Minor highlights of the Calpont technical story include:
- Calpont plans to offer a MySQL storage engine for analytic database processing. Thus, Calpont will compete with Infobright, Kickfire, and perhaps Tokutek.
- Like Infobright and Kickfire, Calpont is building a columnar engine.
- Calpont plans for there to be both shared-everything and shared-nothing versions of its product. The shared-everything version may be ready sooner. At least some form of scale-out should be available from the get-go.
- Despite being columnar, Calpont hasn’t implemented compression yet. Naturally, fixing that is a high priority.
- Like Infobright, Calpont is starting out by only processing some SQL statements itself, leaving the rest to the native MySQL engine. Also like Infobright, Calpont plans before long to process most or all SQL itself.
- Calpont’s software takes execution plans generated by MySQL and executes them — well, differently than MySQL would have. 😉 This required “small” modifications to MySQL’s open source code. Development chief John Weber conjectures that Kickfire and Infobright made similar modifications for similar reasons.

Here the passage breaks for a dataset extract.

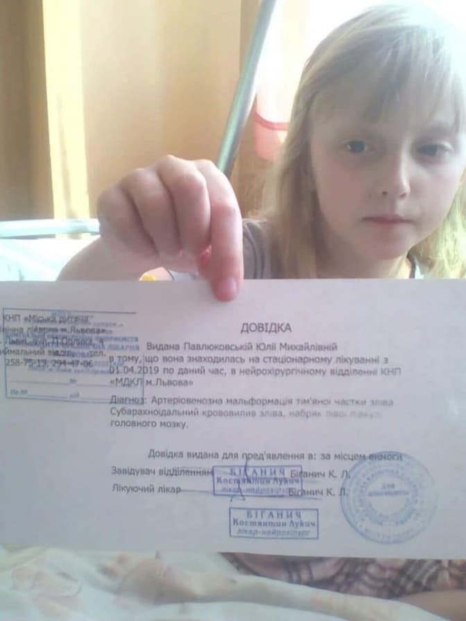 У дівчинки через вроджену аномалію судин головного мозку стався крововилив. Для одужання їй потрібна операція із встановлення трьох спеціальних дренажерів, вартість яких становить 70 тис. грн за один. Діагноз дівчинки – артеріовенозна мальформація тім’яної частки зліва, субарахноїдальний крововилив злів, набряк.

- I forgot to ask if/when Calpont will have ACID compliance.
- Calpont plans to support both 1-gig and 10-gig Ethernet for its networking.
- Calpont is working on a UDF (User-Defined Function) framework, with the first language being C++.

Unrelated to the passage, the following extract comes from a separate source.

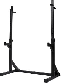 Het VirtuFit Verstelbaar Squatrek is gemakkelijk in elkaar te zetten, gemakkelijk te gebruiken en gemakkelijk op te bergen als je klaar bent. Dit squatrek is compact genoeg om thuis in een kleine fitness ruimte te passen en volledig verstelbaar om al je samengestelde oefeningen en je isolatie oefeningen uit te voeren. Het is ontzettend sterk en volledig veilig te gebruiken. Het rek is belastbaar tot 220 kg. De breedte van het squatrek is instelbaar van 72 tot 117 cm breed.br/br/Trainingsmogelijkheden br/br/Dit veelzijdige squatrek heeft aan beide zijden in hoogte verstelbare houders. De verstelbare halterhouders stel je in van 98 tot 158 cm hoog. Dit ondersteunt veel trainingsmogelijkheden zoals squats, shoulder press en shrugs. Combineer het rek met een halterstang, halterschijven en een trainingsbank om je eigen mini homegym compleet te maken. Met die set voer je de bekende drie grote samengestelde oefeningen uit: squat, deadlift en bench press. Train en oefen die bewegingen veel om je fitness niveau en kracht in korte tijd te verhogen.br/br/Extra opties van het verstelbaar squatrekbr/br/Onder de houders van het VirtuFit Verstelbaar Squatrek zitten safety spotters. Je kunt de halterstang veilig op de spotters laten vallen wanneer je de herhaling van een oefening niet meer kunt afmaken. Daarnaast kunnen de spotters je ondersteunen bij een squat. Zak je te ver door je benen, dan vangen de spotters de halterstang voor je op. br/br/Bovenaan de houders zitten dipsteunen. Gebruik die voor je chest dips en tricep dips. Ook belangrijke samengestelde oefeningen die je helpen om je niveau snel omhoog te krijgen.br/br/VirtuFit br/br/Het Nederlandse fitnessmerk VirtuFit staat garant voor uitstekende kwaliteit. De fitnessapparaten en fitnessartikelen zijn vervaardigd uit kwaliteitsmaterialen en daarnaast is er veel aandacht besteed aan gebruikersgemak, design en uitgebreide functionaliteiten.

So far, that’s all pretty standard stuff. What’s most unique about Calpont’s design is its multi-tier architecture. Like Oracle Exadata, Calpont has both a server tier (the Director and User modules) and a storage tier (the Performance modules — yes, I think those names are all atrocious). Compared to Exadata, however, Calpont does relatively more of the total work on the storage tier and less on the server level. Specifically:
- The Director modules are MySQL instances. The User and Performance modules are Calpont code.
- The User modules receive intermediate result sets from the Performance modules and redistribute them as needed. User modules also feed final results up to the Director module to be sent back to the application that requested them.
- Performance modules read and write data, perform joins and aggregations, and so on.
- Modules can be distributed among physical nodes as you wish. You don’t actually have to have dedicated nodes for each kind of module.
- Calpont’s scalability has been tested up to 8 nodes running Performance modules (64 cores), and the results were highly linear.